• **Supplied records**:

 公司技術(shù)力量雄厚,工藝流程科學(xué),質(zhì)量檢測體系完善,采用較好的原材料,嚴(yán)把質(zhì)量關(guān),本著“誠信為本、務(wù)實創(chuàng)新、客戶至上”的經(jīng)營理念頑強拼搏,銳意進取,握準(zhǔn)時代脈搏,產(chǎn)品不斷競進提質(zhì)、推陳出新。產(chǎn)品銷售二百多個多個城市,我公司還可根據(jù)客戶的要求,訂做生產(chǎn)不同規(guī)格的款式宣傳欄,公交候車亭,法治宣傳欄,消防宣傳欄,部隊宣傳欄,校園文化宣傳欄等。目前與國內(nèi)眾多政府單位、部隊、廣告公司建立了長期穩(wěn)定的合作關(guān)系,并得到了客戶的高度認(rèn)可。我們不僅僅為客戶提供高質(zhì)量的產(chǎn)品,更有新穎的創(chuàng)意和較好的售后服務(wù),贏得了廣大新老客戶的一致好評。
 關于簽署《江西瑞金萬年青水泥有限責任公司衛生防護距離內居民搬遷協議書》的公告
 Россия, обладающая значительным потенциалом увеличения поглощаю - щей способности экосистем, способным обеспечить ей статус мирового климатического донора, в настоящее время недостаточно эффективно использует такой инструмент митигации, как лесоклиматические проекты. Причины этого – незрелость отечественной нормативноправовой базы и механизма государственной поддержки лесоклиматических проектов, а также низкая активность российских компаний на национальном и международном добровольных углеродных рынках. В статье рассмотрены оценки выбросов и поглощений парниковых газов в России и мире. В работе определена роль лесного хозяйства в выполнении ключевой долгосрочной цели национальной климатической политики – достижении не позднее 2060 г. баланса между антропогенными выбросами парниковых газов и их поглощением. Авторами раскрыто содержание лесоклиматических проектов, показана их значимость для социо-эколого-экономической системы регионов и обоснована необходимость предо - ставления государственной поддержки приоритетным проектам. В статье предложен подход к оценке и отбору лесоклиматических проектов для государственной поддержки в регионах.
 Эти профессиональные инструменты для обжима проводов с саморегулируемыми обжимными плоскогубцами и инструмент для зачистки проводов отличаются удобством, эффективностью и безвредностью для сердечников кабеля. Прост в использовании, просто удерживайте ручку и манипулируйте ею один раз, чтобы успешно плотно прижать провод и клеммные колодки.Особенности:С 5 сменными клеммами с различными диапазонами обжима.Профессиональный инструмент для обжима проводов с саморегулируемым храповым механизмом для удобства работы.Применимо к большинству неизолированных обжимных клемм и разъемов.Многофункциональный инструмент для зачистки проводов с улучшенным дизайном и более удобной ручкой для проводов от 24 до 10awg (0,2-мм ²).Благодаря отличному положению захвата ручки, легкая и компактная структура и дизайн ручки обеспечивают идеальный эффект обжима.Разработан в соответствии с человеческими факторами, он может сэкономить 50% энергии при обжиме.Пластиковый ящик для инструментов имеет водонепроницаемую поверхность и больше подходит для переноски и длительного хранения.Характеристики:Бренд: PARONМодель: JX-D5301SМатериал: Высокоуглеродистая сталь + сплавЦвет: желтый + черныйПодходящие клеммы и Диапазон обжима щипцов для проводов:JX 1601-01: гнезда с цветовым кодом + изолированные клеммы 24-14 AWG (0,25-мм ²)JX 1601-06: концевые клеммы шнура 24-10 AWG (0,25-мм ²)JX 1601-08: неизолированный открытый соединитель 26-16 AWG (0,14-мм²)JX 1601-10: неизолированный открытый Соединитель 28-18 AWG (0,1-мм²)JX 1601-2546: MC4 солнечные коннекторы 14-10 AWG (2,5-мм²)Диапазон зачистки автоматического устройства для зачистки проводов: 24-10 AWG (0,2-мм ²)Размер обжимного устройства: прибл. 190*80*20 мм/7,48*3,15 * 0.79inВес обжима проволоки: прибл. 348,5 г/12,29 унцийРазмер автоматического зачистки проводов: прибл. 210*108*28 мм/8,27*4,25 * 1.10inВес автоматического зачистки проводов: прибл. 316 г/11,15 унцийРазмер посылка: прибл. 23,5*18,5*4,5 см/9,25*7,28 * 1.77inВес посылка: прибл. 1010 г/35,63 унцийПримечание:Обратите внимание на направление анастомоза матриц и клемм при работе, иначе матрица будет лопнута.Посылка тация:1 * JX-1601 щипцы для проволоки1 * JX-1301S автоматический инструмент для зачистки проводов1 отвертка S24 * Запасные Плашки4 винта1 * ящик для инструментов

* * *

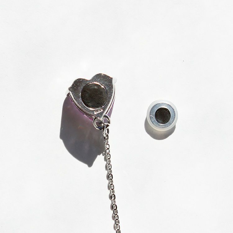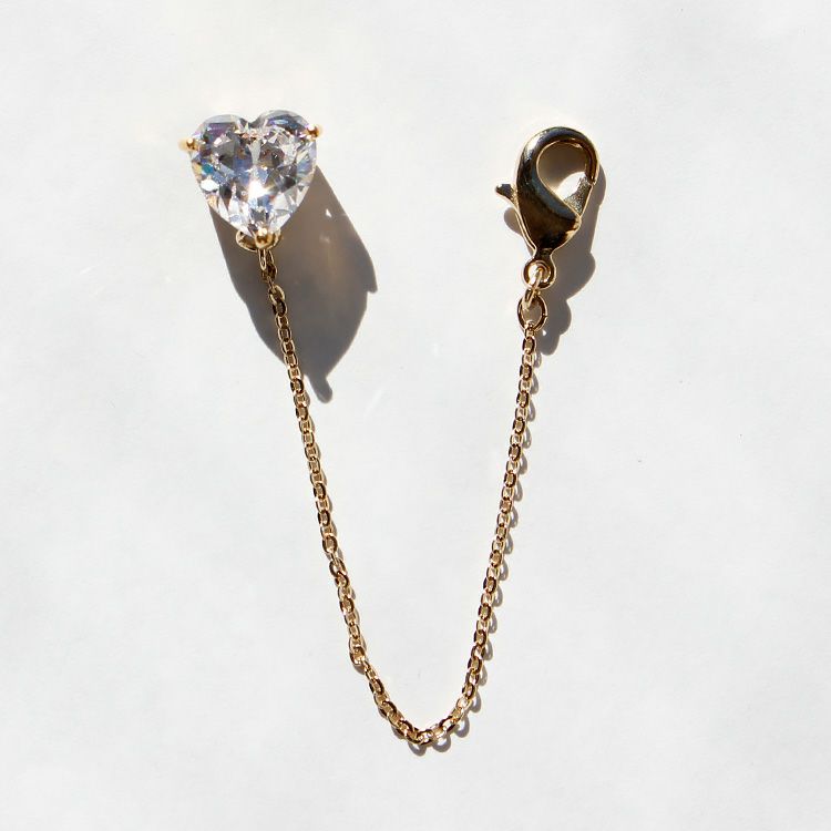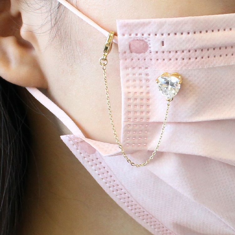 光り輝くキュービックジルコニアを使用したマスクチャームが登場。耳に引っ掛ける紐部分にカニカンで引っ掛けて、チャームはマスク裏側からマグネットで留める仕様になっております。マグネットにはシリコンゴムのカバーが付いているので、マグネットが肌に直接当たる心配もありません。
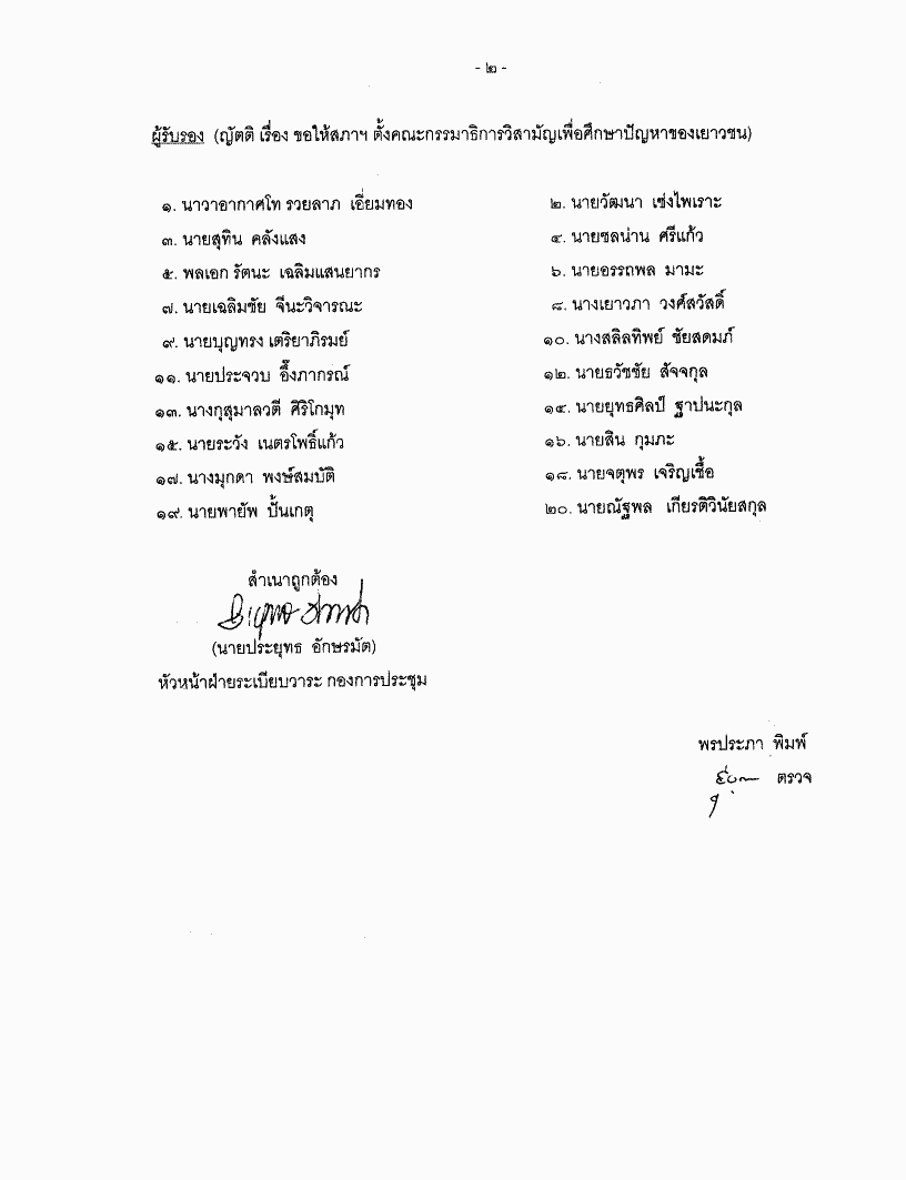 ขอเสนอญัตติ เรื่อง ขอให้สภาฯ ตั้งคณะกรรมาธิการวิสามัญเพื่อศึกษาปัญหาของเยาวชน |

• **Problem statement**: After locating the line with "公司技術(shù)力量雄厚,工藝流程科學" in the material above, return it and each line after it exactly, ending at the line with "關于簽署《江西瑞金萬年青水泥有限責任公司衛生防護距離內居民搬遷協議書》的公告".

• **Task solution**:
 公司技術(shù)力量雄厚,工藝流程科學(xué),質(zhì)量檢測體系完善,采用較好的原材料,嚴(yán)把質(zhì)量關(guān),本著“誠信為本、務(wù)實創(chuàng)新、客戶至上”的經(jīng)營理念頑強拼搏,銳意進取,握準(zhǔn)時代脈搏,產(chǎn)品不斷競進提質(zhì)、推陳出新。產(chǎn)品銷售二百多個多個城市,我公司還可根據(jù)客戶的要求,訂做生產(chǎn)不同規(guī)格的款式宣傳欄,公交候車亭,法治宣傳欄,消防宣傳欄,部隊宣傳欄,校園文化宣傳欄等。目前與國內(nèi)眾多政府單位、部隊、廣告公司建立了長期穩(wěn)定的合作關(guān)系,并得到了客戶的高度認(rèn)可。我們不僅僅為客戶提供高質(zhì)量的產(chǎn)品,更有新穎的創(chuàng)意和較好的售后服務(wù),贏得了廣大新老客戶的一致好評。
 關于簽署《江西瑞金萬年青水泥有限責任公司衛生防護距離內居民搬遷協議書》的公告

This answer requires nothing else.